I know that’s core to the vision that we have to Tamr is to build that ecosystem of platform and customers, but also other partners in between that are building components and elements and doing integration on top of Tamr as well.

Andy:
Yeah. That’s exactly the way we see our ecosystem. And it’s a part of, I think, why it’s been so great to have you as a part of the team at Tamr from the beginning, because that open, best of breed ecosystem exudes what we try and do with our customers.
And it’s a bit of a contrast, a lot of these traditional enterprises, oftentimes that were used selling their souls to Oracle or IBM or now Palentir and gave up the responsibility of figuring out how to optimize that for themselves. But building an ecosystem is hard though. It took you guys, decades to do this for Android. We feel like we’re in the very, the first stages of building out a similar ecosystem for data ops. It’s a real challenge, much harder, isn’t it to build an open ecosystem and a best of breed thing?

Rich:
It is. But, the benefit that we had at Android was it was a conscious decision from day one that that’s how we were going to build the platform and do it with those partnerships.

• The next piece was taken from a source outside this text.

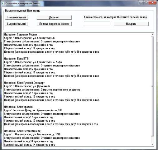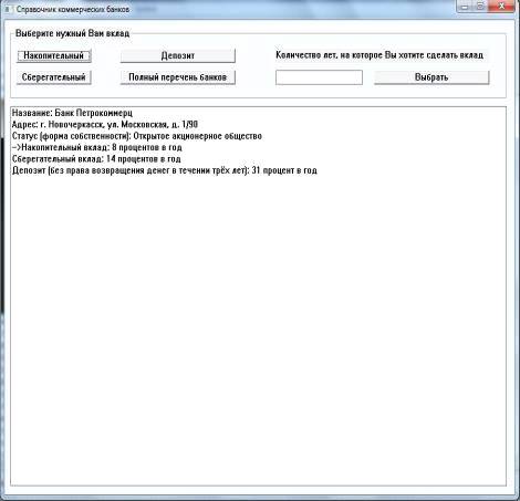 LB_ADDSTRING, 0, (LPARAM)(TCHAR*)string );(string, "Сберегательный вклад: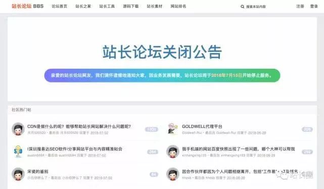 日前,站长论坛发布了一则关闭的公告。站长论坛发布公告称,因业务发展需要,论坛将于2018年7月15日正式停止运营。

And we started the open handset alliance and we’re doing that. And it’s in the DNA of Tamr from day one as well. Where it’s hard is when it’s sort of artificial, it’s forced because of customers demanding it or it’s like, “Oh, wait, our competitor announced this. We should do that too.” And it doesn’t come naturally. I think it’s a lot… I don’t want to make it sound like it’s not work, but it’s a lot easier when it’s intentional and when it’s intentional from day one.

Andy:
Yeah. That’s awesome. I know it’s hard for you to talk about the stuff you’re currently doing. I understand you kind of moved, shifted your focus from GV over to another project at Google. Can you tell us anything about that project and what you’re doing?

Rich:
Yeah, not so much. It does combine a lot of the things that I’ve worked on in the past, but focused on… I’m focused on mostly on education, but also on disrupting how people interact with machines. And I think one of the struggles with ed-tech is that it’s really hard to adopt the technology.
Google with its Google Classroom product has been really good at figuring out how to build something that’s easily integrated into the teacher’s workflow. And, similarly, I just look at how you can integrate into the student’s workflow and really provide them assistance at any moment that they need it. But I can’t say too much more than that.

Andy:
Well, thanks for sharing. I know for me: a lot of people talk about the potential danger of devices for kids. And it gives me hope that you’re working away on empowering our kids with devices in all these great ways. And that there’s lots of good that can be done with these devices, put in the hands of our children. And I’m sure as you did with Wildfire and Android and so many great companies, including Tamr, if you touch it, I’m sure it’s going to benefit society. Thank you, Rich, and thanks for taking the time today. Really appreciate you spending time with us and appreciate your thoughts and help with Tamr.

Rich:
I love working with you guys, Andy, and thanks for the chat. I enjoyed it quite a bit.